Package info (e.g. output of rpm -q podman or apt list podman):

podman-manpages-1.6.2-2.fc31.noarch
dschier-wtd commented 4 years ago

I have also opened a bug for the ansible devs

https://github.com/ansible/ansible/issues/66263

sshnaidm commented 4 years ago

@daniel-wtd I think it should have been fixed in https://github.com/containers/libpod/commit/d40b450afdc9784a3dcf0d5b95712f4ad8a46cc0 I can't currently reproduce it, for me it works with same podman and ansible versions. We have a little bit different builds https://linediff.com/?id=5e15a11d687f4b2e6e8b4567 but it doesn't seems as critical. Will look again what can be wrong

sshnaidm commented 4 years ago

@daniel-wtd please paste your "ansible --version"

dschier-wtd commented 4 years ago

Thanks for having a look. Below you can find my ansible version

ansible 2.9.2
  config file = None
  configured module search path = ['/var/home/dschier/.ansible/plugins/modules', '/usr/share/ansible/plugins/modules']
  ansible python module location = /var/home/dschier/.venv-python3/lib64/python3.7/site-packages/ansible
  executable location = /var/home/dschier/.venv-python3/bin/ansible
  python version = 3.7.5 (default, Dec 15 2019, 17:54:26) [GCC 9.2.1 20190827 (Red Hat 9.2.1-1)]
sshnaidm commented 4 years ago

@daniel-wtd thanks, also the same. Do you have a possibility to try it on a fresh system?
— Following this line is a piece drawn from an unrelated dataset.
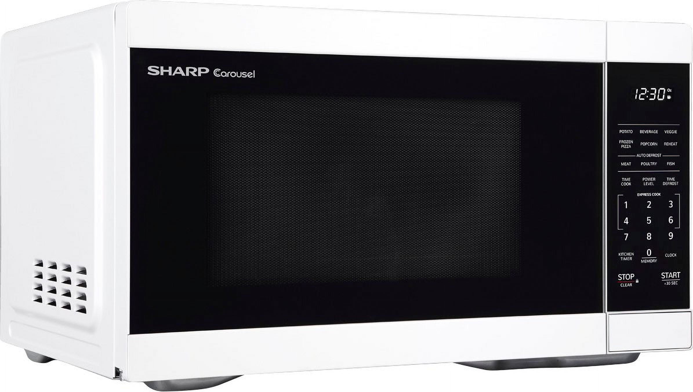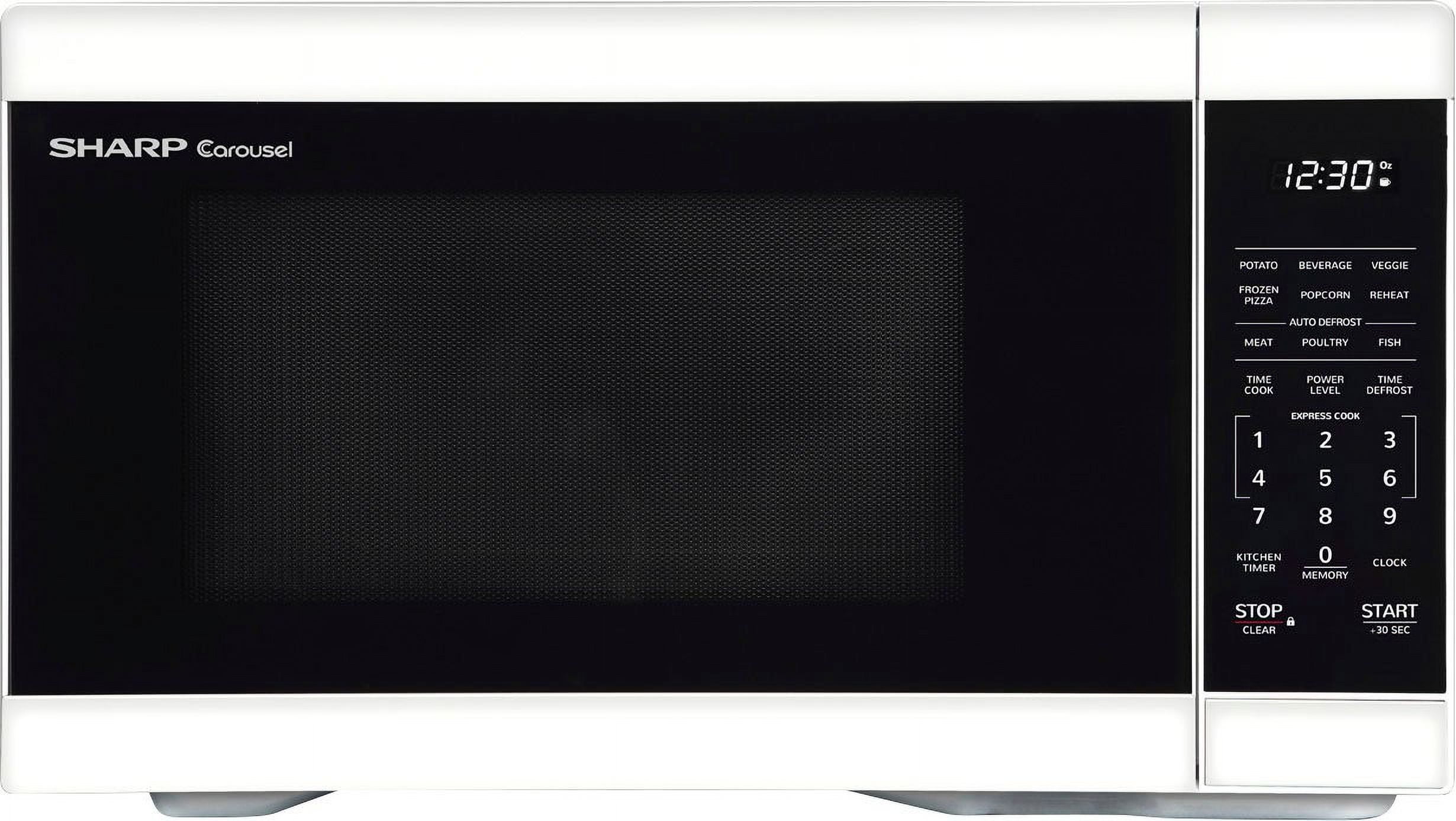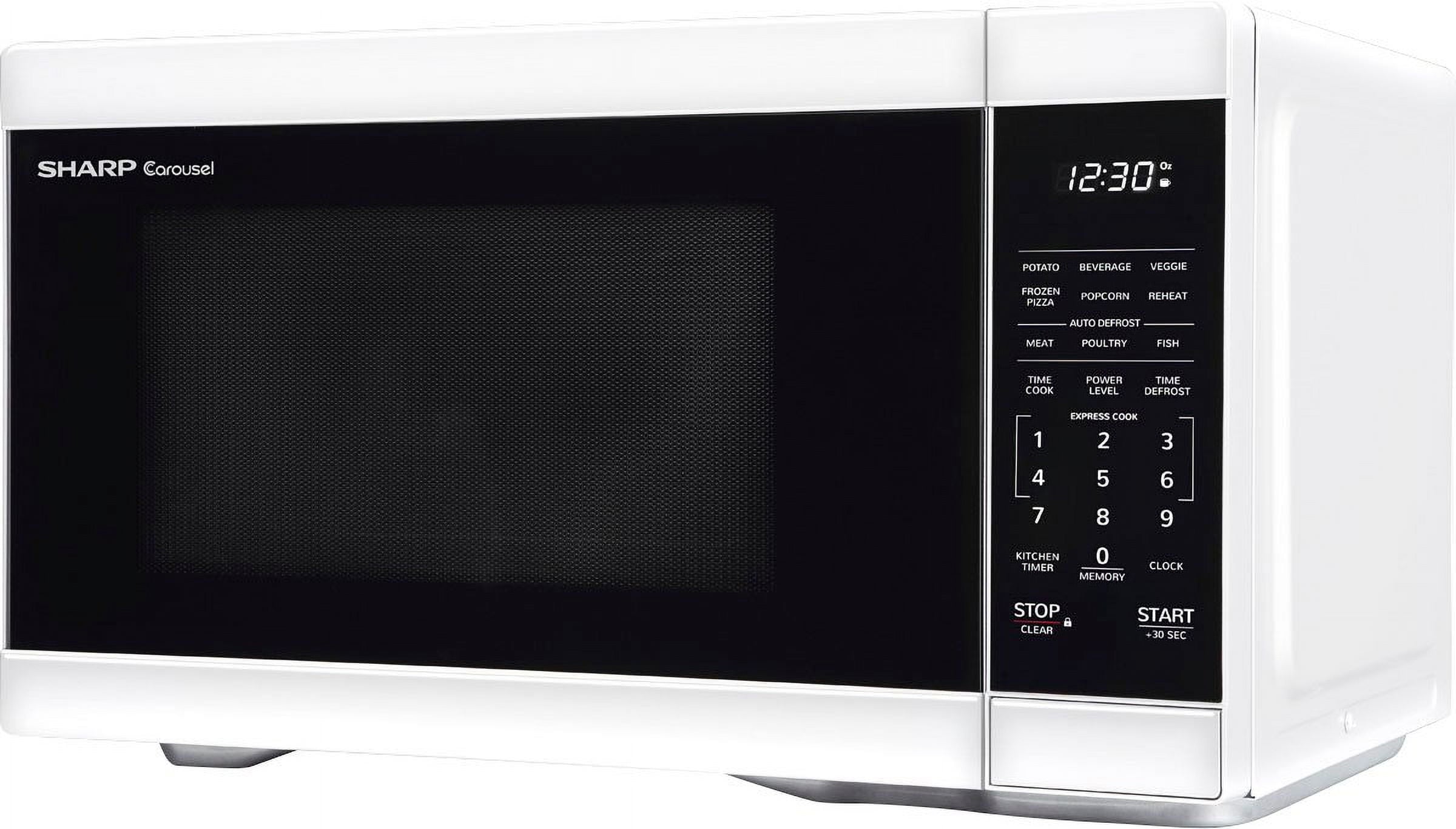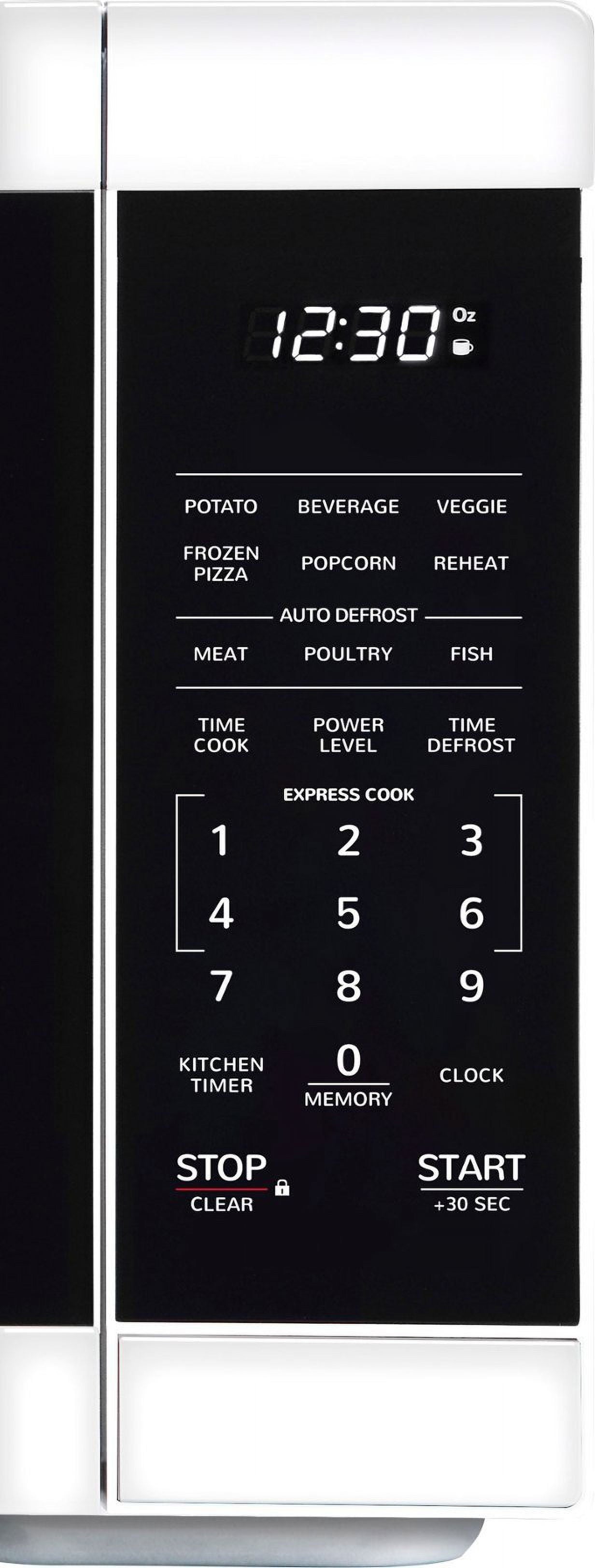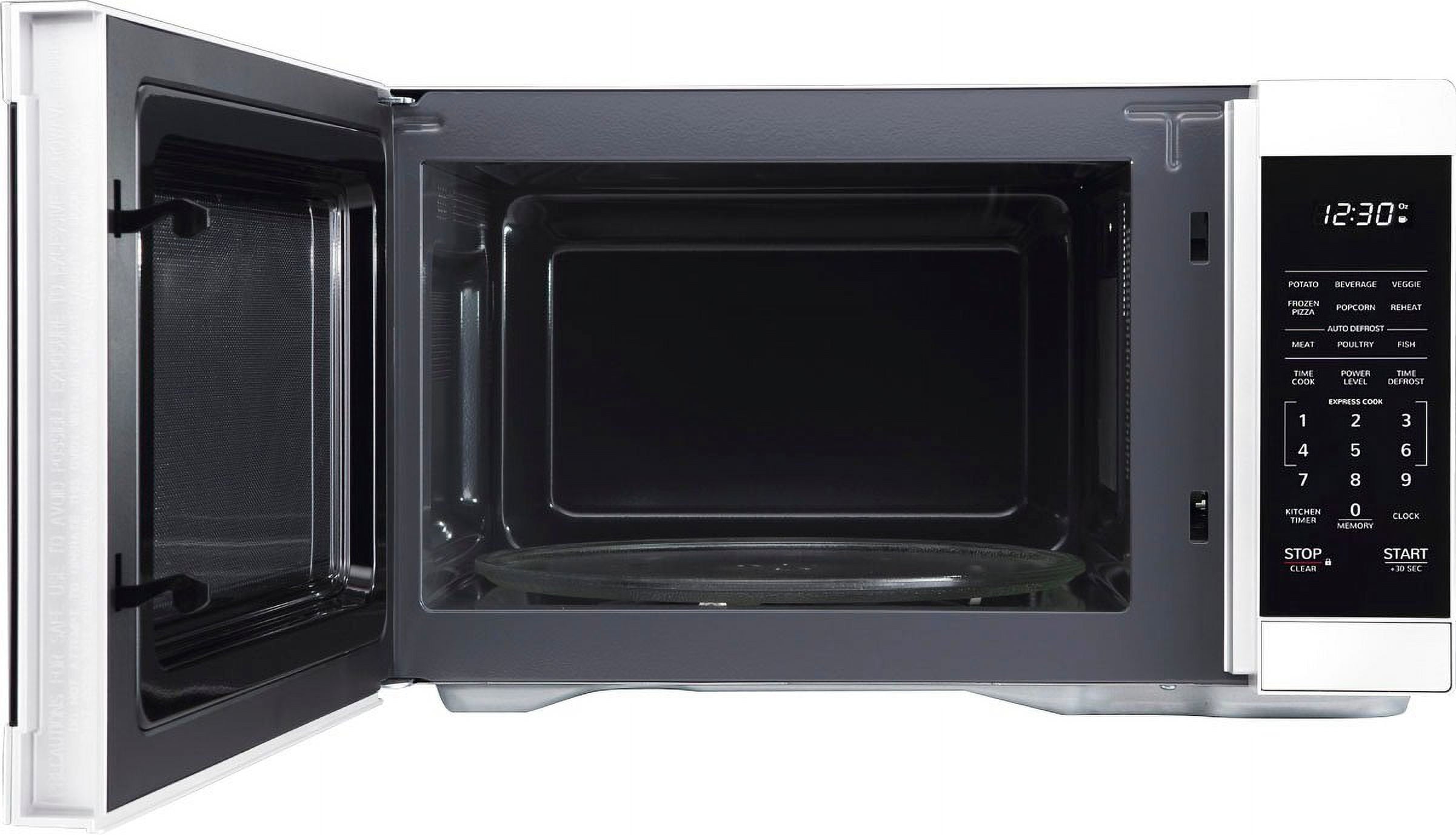 The Mid-Size, 1.1 cu. ft., 1000 Watt Microwave Oven in White takes up less space on your countertop and is our smallest oven for a full size dinner plate. The is packed with thoughtfull and innoivative features. Convenient preset buttons make cooking and reheating favorite foods and beveragesa breeze. Offer One-Touch cooking for up to 6 minutes. The +30 second key for instant start or adding time. Easy-to-clean White finish with stylish gray interior, and LED lights complement your style. The 12.4″ Dishwasher safe glass turntable makes easy clean up. The White LED is bright and easy to read.

I'll try to do the same today on f31

dschier-wtd commented 4 years ago

yep, will do this today in the evening (CET) and report back to you.

dschier-wtd commented 4 years ago

I have tested it a on 2 fresh installations minute ago:

and got the same result.

dschier-wtd commented 4 years ago

minor addition: on the same host running the exact same stuff as root is working perfectly fine.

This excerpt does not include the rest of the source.